Finland's Presidency will indeed try to obtain a mandate from the EU Council to start interinstitutional negotiations on the draft regulation on the confidentiality of electronic communications. According to our information, it provides for a final technical discussion on 22 October, before a more political discussion, on 15 November.
Member State experts have been discussing this text for almost three years now, which modernises European rules on the confidentiality of online exchanges by including, in particular, circumvention operators such as Skype or WhatsApp (see EUROPE 11700/1). However, despite pressure from the European Parliament, which has been ready to enter into negotiations since the end of 2017, Member States have not been able to adopt a common position (see EUROPE 11892/6, 12322/13).
The main difficulties concern the level of protection to be granted to users, already covered by the General Data Protection Regulation (2016/679).
A new compromise text
The last technical discussion in the EU Council was on 11 October. On 17 October, the EU Council Presidency submitted to delegations a new compromise text incorporating some of their suggestions. Again, the changes remain relatively marginal: the new text allows data processing for a different purpose than initially planned, provided that the "modalities" of the processing or the existence of sufficient safeguards, such as "encryption", are taken into account. It also clarifies that operators can store the content of communications "at the request of the end-user". Or that the user or a trusted third party may record or store a communication after or before the communication. It adds that user consent is not required for autonomous vehicles, scientific research or statistics.

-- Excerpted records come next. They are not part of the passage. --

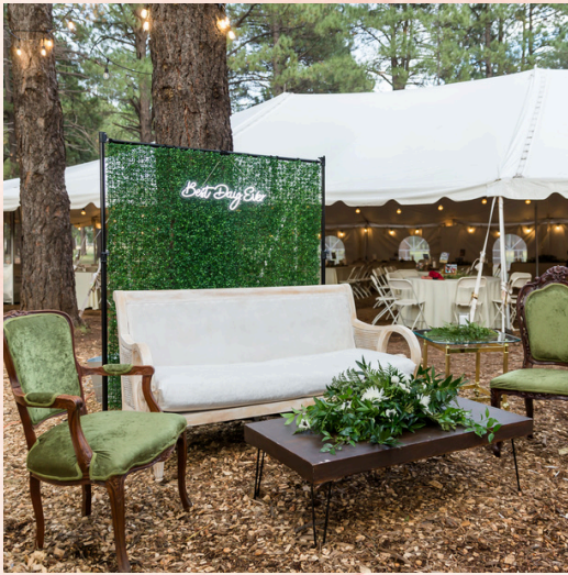
Birdsong Wedding Photography
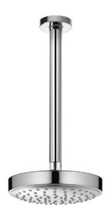
Shower head with ceiling-outlet DN 15 Ø 180 mm, with shower head rail, restricted flowrate 10 l/min., Height: 100, 300 mm
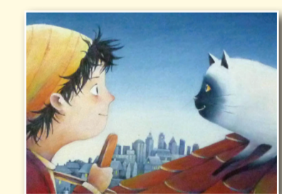
Left: 'Kookoo Kookaburra' by Gregg Dreise (Magabala Books, 2015).
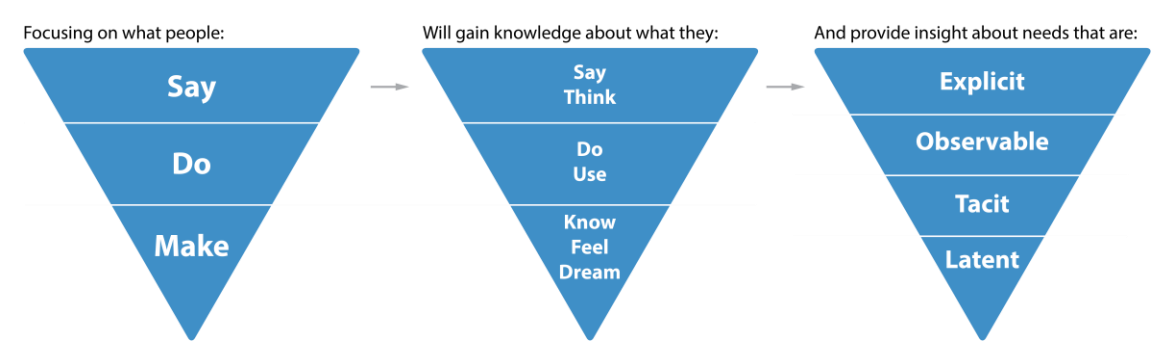
Figure 1. User involvement and insights based on what the users say, do, and make.

According to Sanders (2002) the type of user insight that can be obtained from user involvement depends on what the user is saying, doing or creating (see Figure 1).

However, the new version does not reintroduce Article 10, which provided, in the Commission's proposal, for the concentration of configuration at browser level. This, despite appeals from Berlin. According to our information, Member States expect this article to be reinstated to a lesser extent in negotiations with the European Parliament.
The new Finnish text also retains the issue of combating child pornography in Article 6, thus creating a specific legal basis to derogate from the principle of consent (see EUROPE 12333/3).
A more precise timetable
On this basis, the Finnish Presidency intends to launch a final round table discussion on 22 October at a meeting of the EU Telecommunications Council Working Party, where child pornography and data retention could well be discussed again. The Presidency will then submit the dossier to the Member States' ambassadors, probably on 15 November. While the ambassadors can give it a direct mandate, the Presidency will probably seek the support of the telecommunications ministers on 3 December, as it is a highly sensitive dossier.

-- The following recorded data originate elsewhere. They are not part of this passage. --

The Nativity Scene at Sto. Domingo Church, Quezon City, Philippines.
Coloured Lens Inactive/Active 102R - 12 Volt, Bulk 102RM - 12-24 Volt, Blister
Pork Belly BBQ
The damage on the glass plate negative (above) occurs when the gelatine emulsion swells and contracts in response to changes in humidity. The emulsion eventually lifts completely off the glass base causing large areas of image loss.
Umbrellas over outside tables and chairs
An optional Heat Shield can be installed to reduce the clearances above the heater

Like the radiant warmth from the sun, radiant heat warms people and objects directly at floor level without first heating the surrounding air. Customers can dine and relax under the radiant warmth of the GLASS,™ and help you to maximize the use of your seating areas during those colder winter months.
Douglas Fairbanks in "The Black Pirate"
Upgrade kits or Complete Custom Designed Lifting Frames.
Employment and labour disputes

According to our information, the Portuguese, Lithuanian, Polish, Czech and Italian delegations, led by France, are among the main opponents to the dossier. Belgium and Luxembourg are not very enthusiastic either. But the Commission's continued support for its text, public pressure following the many scandals over the use of personal data, as well as the recent elections in Italy and in Portugal and the absence of a government in Belgium, could make it possible to adopt the text.
Pressure at its peak
In light of this timetable, the pressure is at its peak from the various lobbies. EDRI and AccessNow (digital rights), BEUC (consumers), the Open Society and Privacy International (human rights) published an open letter on 11 October calling on Member States to adopt the text.
On the other hand, 61 industrial organisations expressed serious concerns on 8 October and called on States to put pressure on the new European Commission to reconsider its proposal. During her hearing, the Vice-President designate of the future European Commission, Margrethe Vestager, reaffirmed to MEPs her support for the text. Link to the new compromise text: http://bit.ly/2qmA20B (Original version in French by Sophie Petitjean)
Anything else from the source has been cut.